PROMPT: The lines to copy run from the one containing "Amazing 2 bed" to the end of the listing. Please write them out exactly, minus the pictures.

COLLECTED DATA:
BEGIN

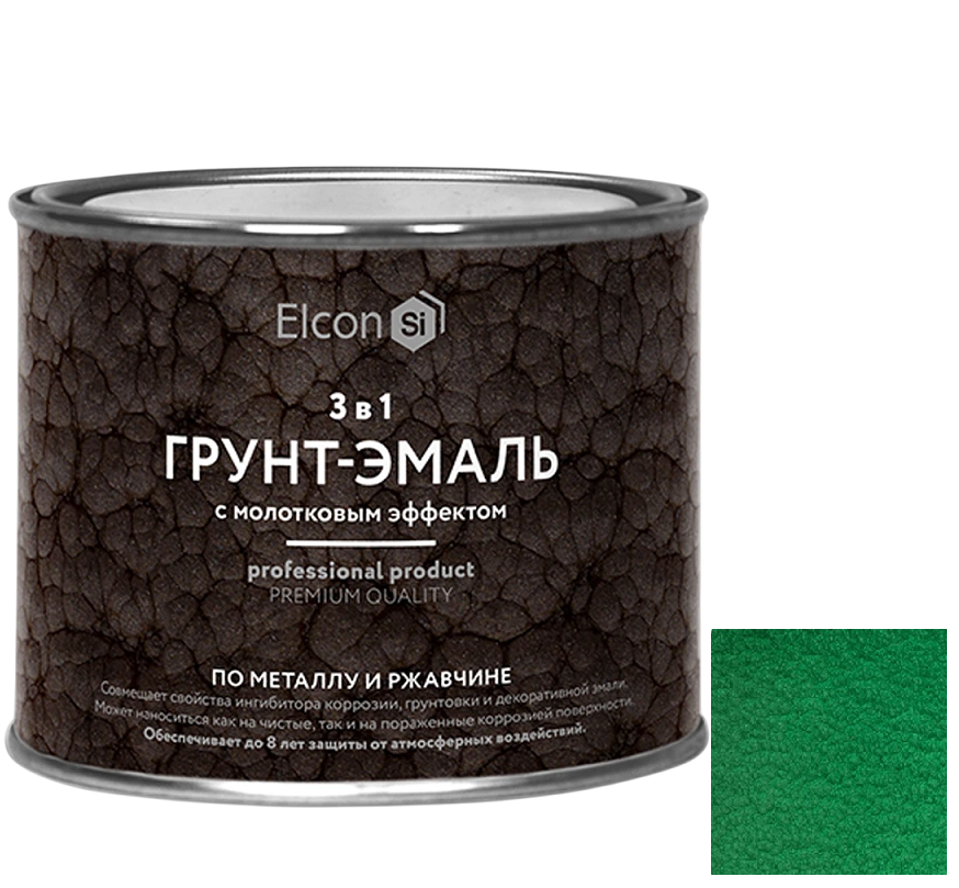 Купить Грунт-эмаль Elcon Smith 3 в 1 с молотковым эффектом зелёная 0,4 кг по лучшей цене с доставкой - интернет магазин №1 в России
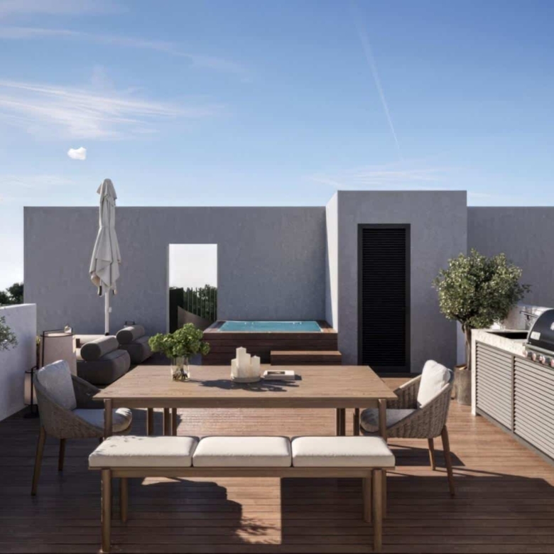 Amazing 2 bed penthouse with spacious 52㎡ roof garden. Located in the flourishing residential sector of Aradippou, connected to Larnaca’s vibrant core, the property sets a new standard for modern living. This groundbreaking development presents a collection of ultra contemporary two and three bedroom apartments in a prime, central location, where visionary architecture seamlessly blends with stylish elegance. Thanks to its winning combination of convenience, accessibility, and modern comfort, the property is poised to become a distinctive architectural landmark in the area and stands out for its high-end aesthetics and the deluxe lifestyle it offers to residents.
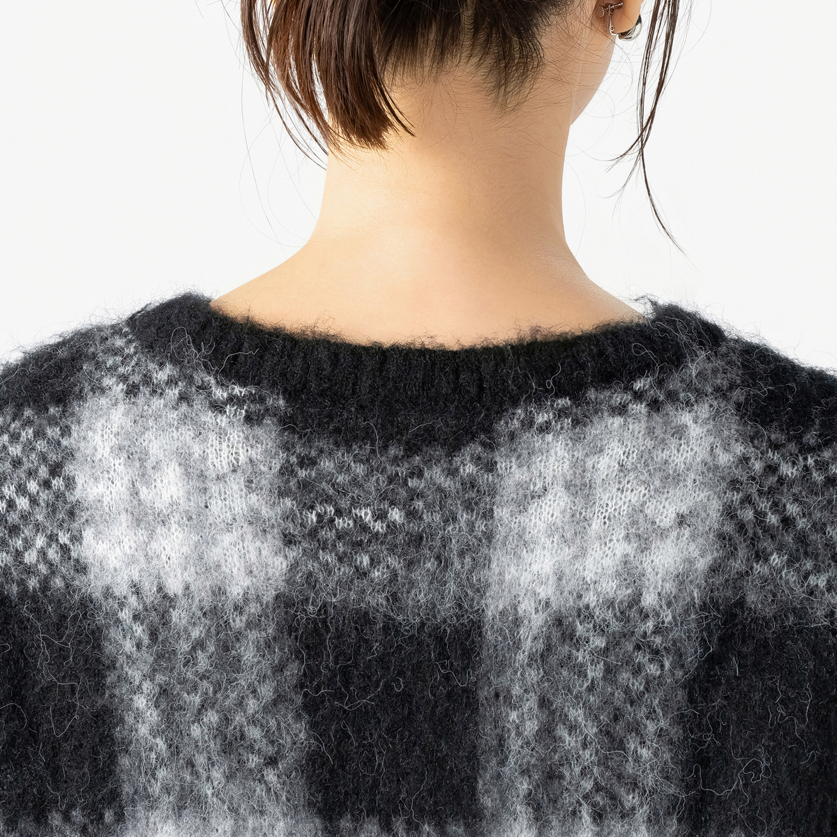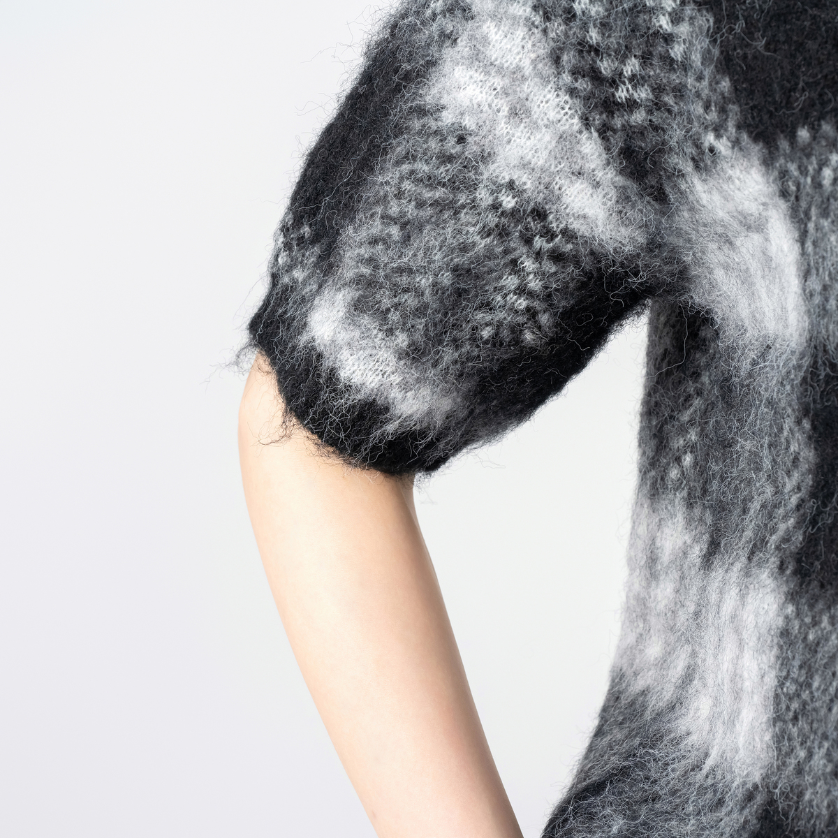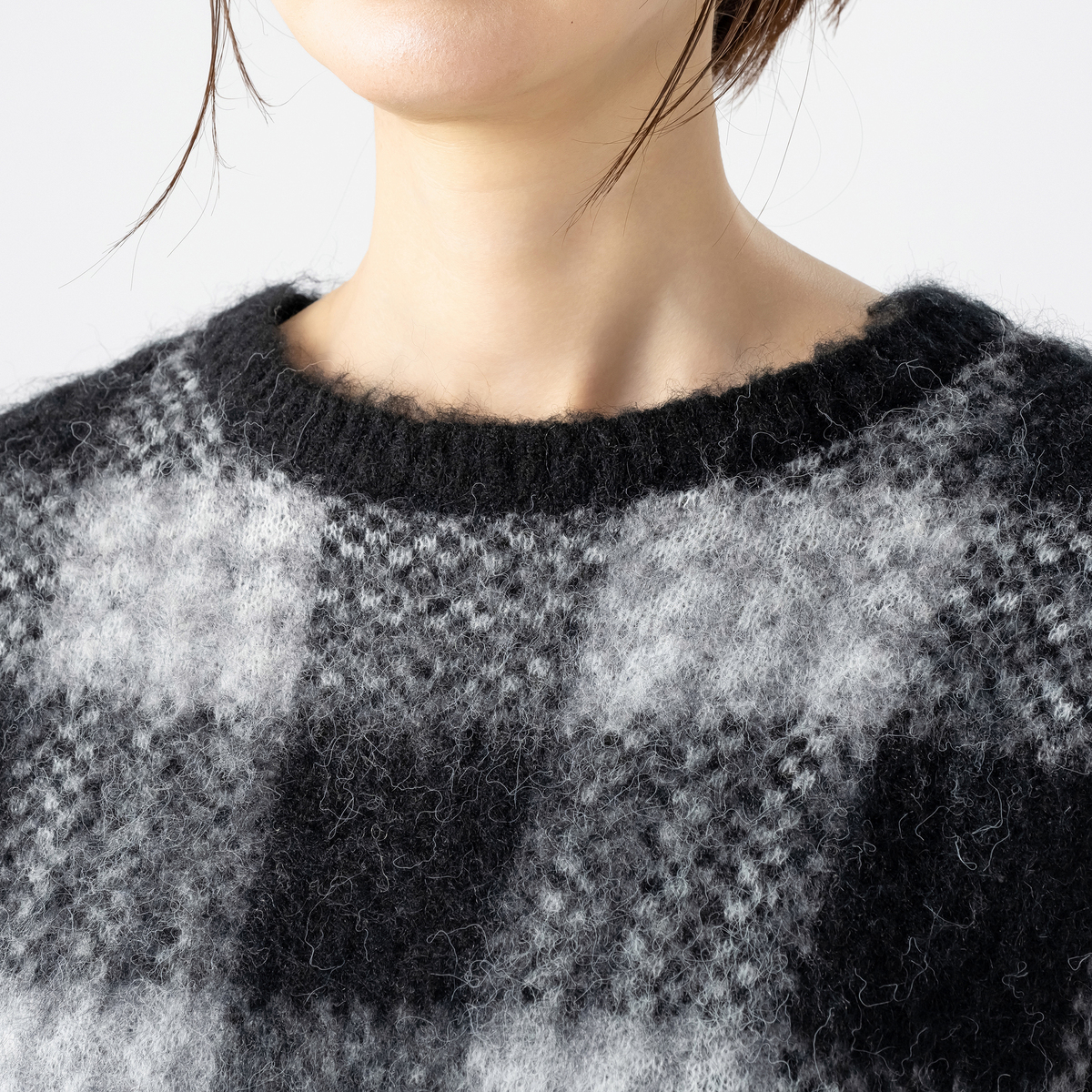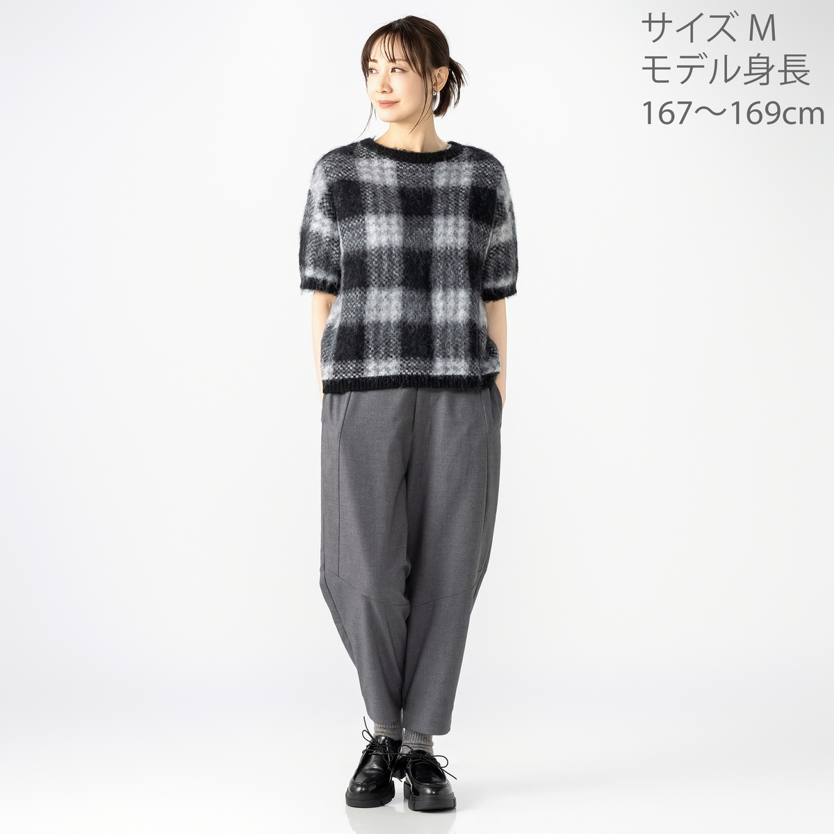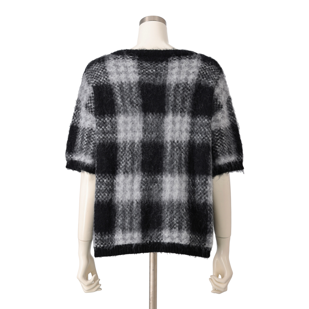 ミドルゲージで編んだジャガードニットプルオーバー。チェック柄と柔らかいヘアリー感のある糸を組合せた、軽やかな仕上がりです。半袖デザインで、インナーとしても使いやすい一枚です

END

REPLY:
 Amazing 2 bed penthouse with spacious 52㎡ roof garden. Located in the flourishing residential sector of Aradippou, connected to Larnaca’s vibrant core, the property sets a new standard for modern living. This groundbreaking development presents a collection of ultra contemporary two and three bedroom apartments in a prime, central location, where visionary architecture seamlessly blends with stylish elegance. Thanks to its winning combination of convenience, accessibility, and modern comfort, the property is poised to become a distinctive architectural landmark in the area and stands out for its high-end aesthetics and the deluxe lifestyle it offers to residents.
 ミドルゲージで編んだジャガードニットプルオーバー。チェック柄と柔らかいヘアリー感のある糸を組合せた、軽やかな仕上がりです。半袖デザインで、インナーとしても使いやすい一枚です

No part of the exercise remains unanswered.